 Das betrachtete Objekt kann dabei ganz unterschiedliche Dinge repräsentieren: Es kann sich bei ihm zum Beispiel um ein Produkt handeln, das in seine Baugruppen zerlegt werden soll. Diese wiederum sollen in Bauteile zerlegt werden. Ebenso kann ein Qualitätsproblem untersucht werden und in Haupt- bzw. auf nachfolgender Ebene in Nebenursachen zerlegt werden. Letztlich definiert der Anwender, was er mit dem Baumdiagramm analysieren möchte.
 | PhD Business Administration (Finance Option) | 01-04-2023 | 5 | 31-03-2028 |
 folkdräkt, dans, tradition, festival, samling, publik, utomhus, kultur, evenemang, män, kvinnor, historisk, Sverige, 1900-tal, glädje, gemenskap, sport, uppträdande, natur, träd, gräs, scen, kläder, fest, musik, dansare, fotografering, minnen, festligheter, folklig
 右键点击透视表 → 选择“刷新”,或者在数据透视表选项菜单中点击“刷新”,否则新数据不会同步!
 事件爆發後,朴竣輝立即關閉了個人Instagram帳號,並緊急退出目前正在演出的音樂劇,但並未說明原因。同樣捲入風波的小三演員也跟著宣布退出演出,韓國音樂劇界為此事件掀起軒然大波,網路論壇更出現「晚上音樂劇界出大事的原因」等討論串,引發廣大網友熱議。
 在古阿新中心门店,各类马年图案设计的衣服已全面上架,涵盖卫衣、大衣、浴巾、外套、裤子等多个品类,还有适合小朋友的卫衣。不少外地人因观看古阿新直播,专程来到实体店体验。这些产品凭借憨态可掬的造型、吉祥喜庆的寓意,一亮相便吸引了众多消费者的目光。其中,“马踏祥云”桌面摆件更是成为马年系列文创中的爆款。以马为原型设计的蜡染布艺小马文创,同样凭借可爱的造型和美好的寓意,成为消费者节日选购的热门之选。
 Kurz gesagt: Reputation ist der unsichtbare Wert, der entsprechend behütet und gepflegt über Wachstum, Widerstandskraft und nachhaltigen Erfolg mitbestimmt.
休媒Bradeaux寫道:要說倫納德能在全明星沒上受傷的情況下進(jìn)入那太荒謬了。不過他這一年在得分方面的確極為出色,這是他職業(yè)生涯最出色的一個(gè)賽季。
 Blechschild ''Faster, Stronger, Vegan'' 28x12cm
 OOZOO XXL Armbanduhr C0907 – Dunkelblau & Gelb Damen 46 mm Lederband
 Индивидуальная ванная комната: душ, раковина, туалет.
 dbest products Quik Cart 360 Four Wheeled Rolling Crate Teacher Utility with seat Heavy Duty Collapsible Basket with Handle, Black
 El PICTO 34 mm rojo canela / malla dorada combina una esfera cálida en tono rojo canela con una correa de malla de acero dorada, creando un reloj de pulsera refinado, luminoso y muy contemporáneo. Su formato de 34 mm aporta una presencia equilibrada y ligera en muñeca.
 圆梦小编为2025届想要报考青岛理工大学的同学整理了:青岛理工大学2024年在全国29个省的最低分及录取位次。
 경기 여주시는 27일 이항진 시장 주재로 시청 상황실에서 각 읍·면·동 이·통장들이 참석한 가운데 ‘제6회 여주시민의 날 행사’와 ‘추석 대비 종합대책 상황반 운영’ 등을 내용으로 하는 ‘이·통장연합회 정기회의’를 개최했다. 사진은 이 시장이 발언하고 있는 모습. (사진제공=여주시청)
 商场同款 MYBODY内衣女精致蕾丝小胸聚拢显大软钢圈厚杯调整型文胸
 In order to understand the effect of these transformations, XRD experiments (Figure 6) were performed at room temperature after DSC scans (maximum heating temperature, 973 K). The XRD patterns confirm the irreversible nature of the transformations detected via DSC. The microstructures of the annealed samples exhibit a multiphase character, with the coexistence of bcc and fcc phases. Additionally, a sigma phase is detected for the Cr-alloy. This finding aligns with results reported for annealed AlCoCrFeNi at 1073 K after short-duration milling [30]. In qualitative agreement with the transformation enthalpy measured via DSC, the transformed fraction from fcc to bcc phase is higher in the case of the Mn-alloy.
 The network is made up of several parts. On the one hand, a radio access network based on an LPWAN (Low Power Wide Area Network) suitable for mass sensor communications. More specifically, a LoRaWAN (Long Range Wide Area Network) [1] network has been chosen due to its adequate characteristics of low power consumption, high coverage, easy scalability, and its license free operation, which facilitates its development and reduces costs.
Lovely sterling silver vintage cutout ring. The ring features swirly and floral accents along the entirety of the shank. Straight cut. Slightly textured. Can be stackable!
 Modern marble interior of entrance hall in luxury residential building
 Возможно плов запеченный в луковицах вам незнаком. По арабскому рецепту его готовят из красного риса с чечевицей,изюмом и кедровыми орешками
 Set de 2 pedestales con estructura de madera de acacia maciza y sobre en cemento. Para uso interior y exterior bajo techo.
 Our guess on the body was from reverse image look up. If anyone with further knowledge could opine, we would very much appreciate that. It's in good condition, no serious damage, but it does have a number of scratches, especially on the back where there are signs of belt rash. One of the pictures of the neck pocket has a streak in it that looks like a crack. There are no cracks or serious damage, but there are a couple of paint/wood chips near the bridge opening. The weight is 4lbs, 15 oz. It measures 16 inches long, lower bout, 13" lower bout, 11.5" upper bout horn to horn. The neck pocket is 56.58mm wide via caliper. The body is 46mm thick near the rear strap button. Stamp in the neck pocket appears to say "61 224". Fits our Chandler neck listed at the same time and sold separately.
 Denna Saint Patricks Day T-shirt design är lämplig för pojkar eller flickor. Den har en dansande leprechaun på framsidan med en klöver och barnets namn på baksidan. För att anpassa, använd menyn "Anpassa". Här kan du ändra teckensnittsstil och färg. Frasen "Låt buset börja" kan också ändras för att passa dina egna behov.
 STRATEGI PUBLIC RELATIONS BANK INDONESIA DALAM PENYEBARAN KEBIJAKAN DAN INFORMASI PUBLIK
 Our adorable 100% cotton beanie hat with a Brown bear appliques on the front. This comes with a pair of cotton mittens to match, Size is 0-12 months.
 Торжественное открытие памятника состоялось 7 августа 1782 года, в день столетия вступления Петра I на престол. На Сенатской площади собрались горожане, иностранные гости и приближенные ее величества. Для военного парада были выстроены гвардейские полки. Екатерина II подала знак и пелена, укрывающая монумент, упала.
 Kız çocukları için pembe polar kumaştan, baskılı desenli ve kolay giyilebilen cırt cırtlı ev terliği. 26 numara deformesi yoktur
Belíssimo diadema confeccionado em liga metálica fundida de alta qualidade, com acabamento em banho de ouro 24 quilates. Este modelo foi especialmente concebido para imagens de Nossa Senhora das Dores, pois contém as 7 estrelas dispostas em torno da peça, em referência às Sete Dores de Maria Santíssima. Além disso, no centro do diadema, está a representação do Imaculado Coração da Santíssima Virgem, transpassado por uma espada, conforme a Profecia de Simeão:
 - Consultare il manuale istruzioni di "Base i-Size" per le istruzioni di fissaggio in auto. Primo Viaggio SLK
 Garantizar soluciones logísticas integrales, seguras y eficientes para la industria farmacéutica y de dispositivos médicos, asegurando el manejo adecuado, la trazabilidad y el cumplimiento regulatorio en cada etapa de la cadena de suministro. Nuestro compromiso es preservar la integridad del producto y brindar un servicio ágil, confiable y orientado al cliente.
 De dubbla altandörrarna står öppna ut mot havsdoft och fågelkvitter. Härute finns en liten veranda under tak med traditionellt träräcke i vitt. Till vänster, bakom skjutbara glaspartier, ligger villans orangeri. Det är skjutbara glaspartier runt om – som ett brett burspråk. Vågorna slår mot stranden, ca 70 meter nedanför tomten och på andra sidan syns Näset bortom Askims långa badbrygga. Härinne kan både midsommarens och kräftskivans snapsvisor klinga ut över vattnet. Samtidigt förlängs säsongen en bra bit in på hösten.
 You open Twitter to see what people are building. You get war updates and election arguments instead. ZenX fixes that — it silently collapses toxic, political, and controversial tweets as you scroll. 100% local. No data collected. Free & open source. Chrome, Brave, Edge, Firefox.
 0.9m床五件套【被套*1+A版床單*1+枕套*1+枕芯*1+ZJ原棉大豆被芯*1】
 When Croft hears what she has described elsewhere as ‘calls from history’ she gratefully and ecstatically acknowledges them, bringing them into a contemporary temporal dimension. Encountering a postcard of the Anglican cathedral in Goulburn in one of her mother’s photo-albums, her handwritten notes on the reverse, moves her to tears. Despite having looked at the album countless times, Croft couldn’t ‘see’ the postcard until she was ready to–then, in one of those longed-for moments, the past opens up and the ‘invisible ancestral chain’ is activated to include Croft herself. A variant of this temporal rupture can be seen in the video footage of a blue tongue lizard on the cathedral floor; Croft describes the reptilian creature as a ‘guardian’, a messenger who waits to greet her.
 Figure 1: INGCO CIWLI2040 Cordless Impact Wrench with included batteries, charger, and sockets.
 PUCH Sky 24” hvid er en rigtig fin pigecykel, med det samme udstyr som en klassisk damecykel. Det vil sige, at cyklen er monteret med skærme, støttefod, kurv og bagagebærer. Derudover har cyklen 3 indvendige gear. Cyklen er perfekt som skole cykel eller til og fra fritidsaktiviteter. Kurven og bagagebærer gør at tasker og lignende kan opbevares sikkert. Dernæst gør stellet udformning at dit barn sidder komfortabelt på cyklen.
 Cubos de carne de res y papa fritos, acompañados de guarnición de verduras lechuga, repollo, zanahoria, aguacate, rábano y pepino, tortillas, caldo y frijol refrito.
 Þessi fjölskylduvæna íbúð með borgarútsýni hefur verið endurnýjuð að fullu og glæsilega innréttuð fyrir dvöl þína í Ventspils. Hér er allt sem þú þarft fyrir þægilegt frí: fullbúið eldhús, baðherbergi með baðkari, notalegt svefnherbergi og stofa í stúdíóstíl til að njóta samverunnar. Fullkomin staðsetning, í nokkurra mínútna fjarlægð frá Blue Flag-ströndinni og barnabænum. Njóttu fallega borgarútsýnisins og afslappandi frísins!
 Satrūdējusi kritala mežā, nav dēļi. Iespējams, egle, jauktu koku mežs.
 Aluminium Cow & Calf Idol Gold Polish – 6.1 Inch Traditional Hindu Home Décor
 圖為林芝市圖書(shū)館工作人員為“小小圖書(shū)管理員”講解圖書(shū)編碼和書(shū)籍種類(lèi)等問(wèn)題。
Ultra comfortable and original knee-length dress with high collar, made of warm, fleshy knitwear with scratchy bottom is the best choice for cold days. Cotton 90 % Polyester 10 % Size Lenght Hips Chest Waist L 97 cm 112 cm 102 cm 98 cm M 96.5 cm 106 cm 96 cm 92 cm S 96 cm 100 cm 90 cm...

--------------------------------

#### [Assignment]
Write out, from the lines above, only those from the line with "OOZOO XXL Armbanduhr" to the line with "商场同款 MYBODY内衣女精致蕾丝小胸聚拢显大软钢圈厚杯调整型文胸", exactly as given, including the first and the last.

#### [Solution to this task]
 OOZOO XXL Armbanduhr C0907 – Dunkelblau & Gelb Damen 46 mm Lederband
 Индивидуальная ванная комната: душ, раковина, туалет.
 dbest products Quik Cart 360 Four Wheeled Rolling Crate Teacher Utility with seat Heavy Duty Collapsible Basket with Handle, Black
 El PICTO 34 mm rojo canela / malla dorada combina una esfera cálida en tono rojo canela con una correa de malla de acero dorada, creando un reloj de pulsera refinado, luminoso y muy contemporáneo. Su formato de 34 mm aporta una presencia equilibrada y ligera en muñeca.
 圆梦小编为2025届想要报考青岛理工大学的同学整理了:青岛理工大学2024年在全国29个省的最低分及录取位次。
 경기 여주시는 27일 이항진 시장 주재로 시청 상황실에서 각 읍·면·동 이·통장들이 참석한 가운데 ‘제6회 여주시민의 날 행사’와 ‘추석 대비 종합대책 상황반 운영’ 등을 내용으로 하는 ‘이·통장연합회 정기회의’를 개최했다. 사진은 이 시장이 발언하고 있는 모습. (사진제공=여주시청)
 商场同款 MYBODY内衣女精致蕾丝小胸聚拢显大软钢圈厚杯调整型文胸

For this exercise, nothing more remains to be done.